As customary, the Pontiff’s thoughts were inspired by the Liturgy of the Word, in which the two Readings shared “a word in common”: “anger, rage”. In the day’s Gospel Reading, Luke recounts the episode when “Jesus returns to Nazareth, goes to the Synagogue and begins to speak” (4:24-30). At first “all the people hear Him with love”, they are happy, and are astonished by Jesus’ words: “they are pleased”. But Jesus continues his discourse “and reproaches his people’s lack of faith; He recalls that this lack is also historical”, and refers to the time of Elisha (in which, the Pope recalled, “there were many widows”, but God sent the prophet “to a widow from a pagan country”), and to the purification of Naaman the Syrian, in the Second Book of Kings (5:1-15).

Thus begins the dynamic between the people’s expectations and God’s response, which was the focus of the Pontiff’s homily. He explained that, although the people “listened with pleasure to what Jesus was saying”, one “was not pleased with what He said” and “some heckler, perhaps, stood up and said: What has this one come to speak to us about? Where did he study, to say these things to us? Make him show us his degree! What university did he attend? This one is the carpenter’s son, and we know him well!”.

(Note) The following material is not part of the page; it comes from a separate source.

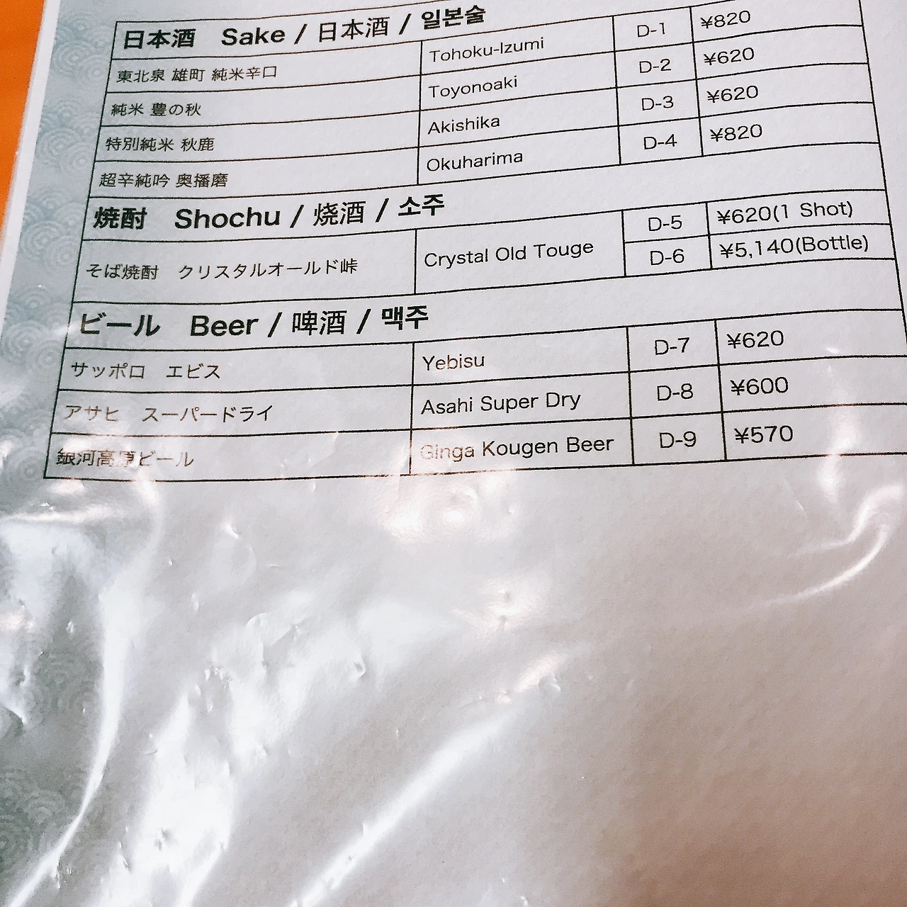 그러나 슬프게도 결과는 다르지 않았다. 고구마 성분 인공 주정으로 만든 희석식 증류주보다 향은 좀 나은 편이었지만, 소주는 소주였다. 게다가 한 잔이 어찌나 양이 많은지, 왜 가격이 620엔인지 알 수 있었다.

Thus fury and violence break out. The Gospel reads that “they put him out of the city, and led him to the brow of the hill” in order to throw Him down. However, the Pontiff wondered, how did “that admiration, that astonishment”, turn into “anger, fury, violence?”. This is also what happens to the Syrian general spoken of in the Second Book of Kings: “This man had faith, he knew the Lord would heal him. But when the prophet says: ‘Go and wash’, he is angry”. He had other expectations, the Pope explained. In fact, he thought Elisha would: “‘stand, and call on the name of the Lord his God, and wave his hand over the place, and cure the Leper…’. For we have rivers more beautiful than the Jordan”. And so he left. Then, however, “his friends reasoned with him” and, when he returned, the miracle took place.
The two experiences are far apart in time yet very similar: “What did those people want, those in the synagogue and these Syrians?”, Francis asked. On one side, “Jesus reproaches those in the synagogue for their lack of faith”. The Gospel highlights that “there, in that country, Jesus performed no miracles, due to the lack of faith”. On the other, Naaman “had faith, but a particular faith”. In any case, Francis underscored, they were all seeking the same thing: “They wanted a spectacle”. But “the way of the good God is not to create a spectacle: God acts in humility, in silence, in the small things”. It was no coincidence that “the news of the possible cure” came to the Syrian “from a slave, his wife’s servant, a humble young girl”. In fact, the Pope said, “this is how the Lord moves: through humility. And if we look at the whole of salvation history, we will find that the Lord always works in this way, always, with simple things”.
To make this concept better understood, the Pontiff made reference to two other episodes from Scripture. For example, he observed, “it isn’t said in the story of creation that the Lord picked up a magic wand”. He didn’t say: “Let us make man”, and man was created. But rather, God “worked with mud, simply”. And thus, “when He wanted to free his people, He freed them through faith and the trust of one man, Moses”. Likewise, “when He wanted to bring down the city of Jericho, He did so through a prostitute”. And “also for the conversion of the Samaritans, He requested the work of another sinner”.
Actually, the Lord always bewilders man. When “He sent David to fight Goliath, it seemed folly: little David in front of that giant, who had a sword, had many things, and David with only a slingshot and stones”. The same happens “when He told the Magi that their king was born, the great king”. What did they find? “A baby, a manger”. Thus, the Bishop of Rome repeated, “simple things, the humility of God, this is the divine way, never a spectacle”.
After all, he explained, the spectacle was “one of Jesus’ three temptations in the desert”. In fact Satan said to Him: “Come with me, let’s go up to the pinnacle of the temple; throw yourself down and all will see the miracle and will believe in you”. The Lord instead reveals Himself “in simplicity, in humility”.
Thus, Francis concluded, “it will do us good in this Lenten Season to think about how the Lord has helped us in our life, about how the Lord has made us go forward, and we will find that He has always done so with simple things”. It might always seem to us that everything happens “as if by accident”. For “the Lord makes things happen simply. He speaks silently to your heart”. Therefore, it will be helpful in this season to remember “the many times” in life in which “the Lord has visited us with his grace” and we have understood that humility and simplicity are his way. This, the Pope explained, applies not only in everyday life, but also “in liturgical celebration, in the sacraments”, in which “it is beautiful that God’s humility is manifest, and not worldly spectacle”.